3. Sluice Engineering Template Library Creation

3.1. Revit Parametric Design Routine Flow

Parametric design, which is based on a set of predefined parameters to create, modify, and control a design model, represents a more intelligent and efficient way of thinking about design [29,30]. The set parameters can be geometric dimensions, material properties, mechanical properties, etc., which together define the characteristics and behavior of the model. By adjusting the parameters, the model can be rapidly iterated and optimized to meet different design requirements and constraints. In parametric design, the dimensional parameter-driven process is a core concept implying precise control by tuning specific dimensional parameters [31,32]. Figure 2 shows the conceptual flowchart of conventional parametric design, which shows that the first step is to preset the basic parameter framework of the model and then achieve the flexible modification of model dimensions and attributes by continuously adjusting these parameters. This process is repeated until the model fully meets the requirements, which also reflects the advantages of efficient iteration and precise control of parametric design. For the modeling of Revit-driven models of conventional hydraulic buildings, one can refer to a study written by the authors [16]. In this study, the core of parametric modeling focuses mainly on the 3D semantics of sluice gate engineering components and the definition of their constraints.

3.2. Definition of Constraints

In the process of parametric modeling of the sluice gate project using Revit, given that the overall model is pieced together by multiple families of components, it is necessary to determine the constraints between the components before building to ensure precise articulation between the components. By determining the constraint relationships, the modeling sequence of the components can be further judged and optimized. Subsequently, models or auxiliary graphics such as geometries, reference planes, and dimensional annotations are created. Next, the key step of model parameterization is carried out by associating the reference plane with the model boundary and closely associating the dimension annotation with the parameters. For example, for the gate pier model, according to the spatial location of the relationship between the components and the need for structural stability, the bottom of the gate pier must be strictly constrained in the elevation of the base plate and the use of fixed constraints must be fixed. Therefore, when building the gate pier model, parameter adjustment of the height of the gate pier should be limited to the upward extension, and its bottom elevation should be kept constant, as any change may affect the accurate position of the base plate. Through the above analysis of the gate pier, it can be argued that the components need to be set between the rigorous articulation relationship in order to ensure the accuracy of model construction while achieving the flexibility of the adjustment of parameterization. Figure 3 is a schematic diagram of the main constraints between the components of the sluice gate project.

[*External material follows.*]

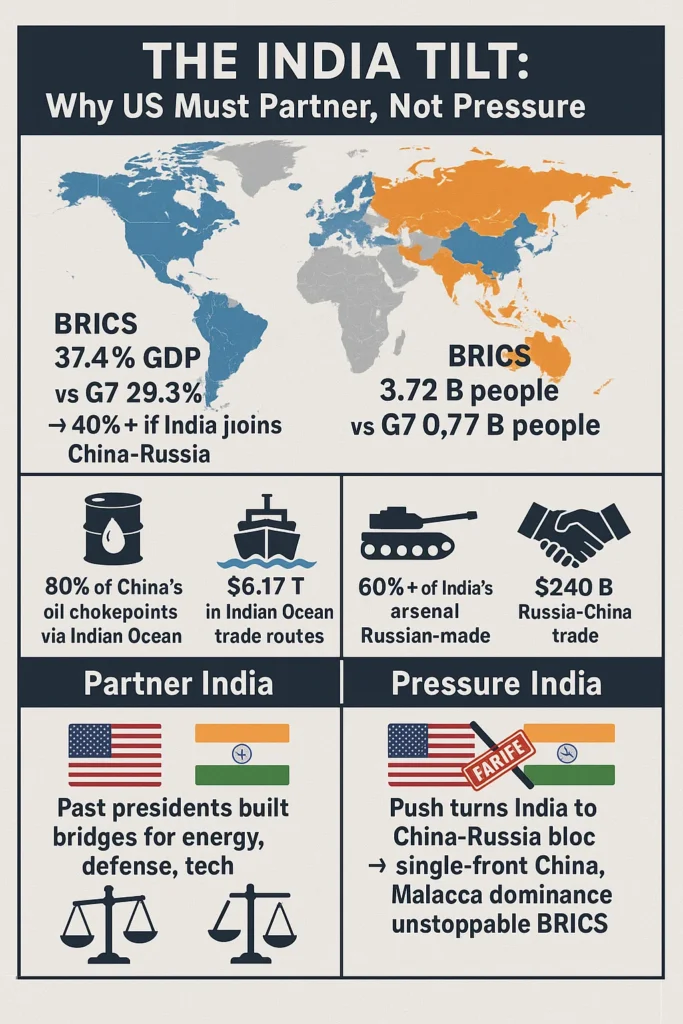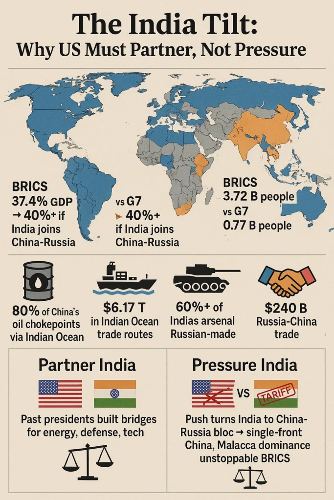 Malacca Strait Mastery: China fears the “Malacca Dilemma”—80% of its oil passes through chokepoints flanked by India. Hand India to Beijing and you gift-wrap global black gold on a platter.

Special attention should be paid to the fact that, according to the constraint relationship of each component, in order to facilitate the overall layout and avoid constraint conflicts, it is necessary to build the model from the most constrained component first. The order of building components should not only consider the articulation between components, but also consider the stability and integrity of the overall structure. As shown in Figure 3, the gate pier, as the most constrained component, should be built first. On this basis, the bottom plate and gate can be further parameterized through modeling to ensure that they are smoothly connected with the gate pier. After completing the modeling of the bottom plate and gate, the dissipative pool, cover, wing wall, and other parts are gradually modeled to ensure that the entire model construction process is orderly and efficient.

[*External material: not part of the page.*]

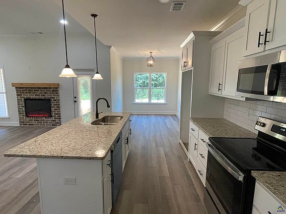 Beautiful 4 bedroom 2 bathroom new construction perfectly placed on the end of a cul-de-sac with almost an acre of property. Side entrance 2 car garage gives great curb appeal. Come schedule a viewing of this property today and see the beautiful open kitchen with granite countertops, eat-in-kitchen with a large island perfect for entertaining over looking into the open living room with an electric fireplace to set the perfect mood for any occasion.

3.3. Custom Semantics and Project Layout Scheme Definition

Before the development of the template library, the original abstract project layout is constructed by humans, using the data storage technology to achieve its concretization, and then the “custom semantics and project layout” is created. Therefore, the essence of the sluice gate project template library is the “custom semantics and project layout plan” for automated modification, saving, and transfer. “Customized semantics and project layout” are based on JSON format, which is used to record component information and layout. In this project, each individual component of the lock project is abstracted into the class TemplateArrangeData, which contains six generic pieces of information, namely name, location, size, whether it is slit or not, load family, and load family type. For specific components, such as base plates, in addition to the generalized data, several pieces of information are included in the dimensions, such as length, thickness, width, bedding thickness, toothed wall thickness, toothed wall angle, etc., with different types of dimensions defined for each component. The parameters of the main setup semantics are shown in Table 2. The semantic representation of specific constructs is as follows:

public class TemplateArrangeData : BaseViewModel

{//Name

public BuiltInCType Name { get; set; }

//Location

public Point Location { get; set; } = new Size(152.36);

//Size

public Size Size { get; set; } = new Size(4000,500,3200,100,300,30,100,300,30);

//HasParting

public bool HasParting { get; set; }

//Family Name

public string Family { get; set; }

FamilySymbol Name.

public string FamilySymbol { get; set; }}.

In the preliminary parametric modeling process, the constraints and articulation conditions between the components were studied in detail, and a set of construction sequences were developed, which are, in order, gate piers, bottom plates, gates, dissipative pools, decks, wing walls, etc. The components were then serialized into JSON files with the file extension “proj”. After these components were set up through the human–computer interface, they were serialized into JSON files with the suffix “proj”. Each project layout plan contains a Name field, which is named by the user when saving. At the same time, the “Data” field records the TemplateArrangeData array and records the content of the project layout.

Table 2. Setting of main parameters of each component.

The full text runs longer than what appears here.